School of Computer Science and Technology, Beijing Institute of Technology, Beijing, China.
Advanced Research Institute of Multidisciplinary Science, Beijing Institute of Technology, Beijing, China.
PLoS Comput Biol. 2022 Oct 31;18(10):e1010668. doi: 10.1371/journal.pcbi.1010668. eCollection 2022 Oct.
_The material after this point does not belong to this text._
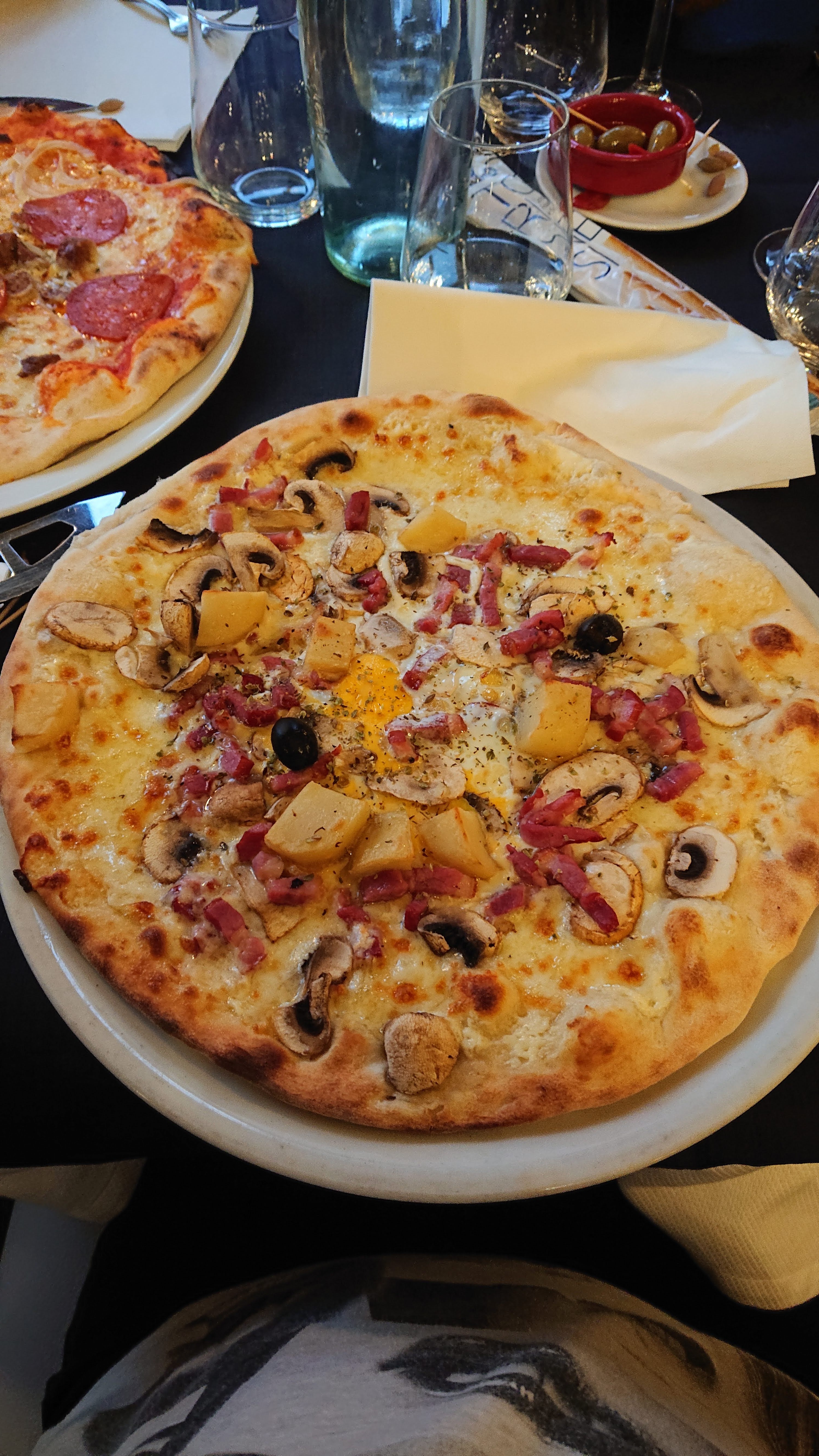 Pizza correctes, bien remplies et pâte bien cuite mais plus de cèpes à 12h30 alors que le plat du jour sont des pâtes au cèpes...

Intrinsically disordered proteins and regions (IDP/IDRs) are widespread in living organisms and perform various essential molecular functions. These functions are summarized as six general categories, including entropic chain, assembler, scavenger, effector, display site, and chaperone. The alteration of IDP functions is responsible for many human diseases. Therefore, identifying the function of disordered proteins is helpful for the studies of drug target discovery and rational drug design. Experimental identification of the molecular functions of IDP in the wet lab is an expensive and laborious procedure that is not applicable on a large scale. Some computational methods have been proposed and mainly focus on predicting the entropic chain function of IDRs, while the computational predictive methods for the remaining five important categories of disordered molecular functions are desired. Motivated by the growing numbers of experimental annotated functional sequences and the need to expand the coverage of disordered protein function predictors, we proposed DMFpred for disordered molecular functions prediction, covering disordered assembler, scavenger, effector, display site and chaperone. DMFpred employs the Protein Cubic Language Model (PCLM), which incorporates three protein language models for characterizing sequences, structural and functional features of proteins, and attention-based alignment for understanding the relationship among three captured features and generating a joint representation of proteins. The PCLM was pre-trained with large-scaled IDR sequences and fine-tuned with functional annotation sequences for molecular function prediction. The predictive performance evaluation on five categories of functional and multi-functional residues suggested that DMFpred provides high-quality predictions. The web-server of DMFpred can be freely accessed from http://bliulab.net/DMFpred/.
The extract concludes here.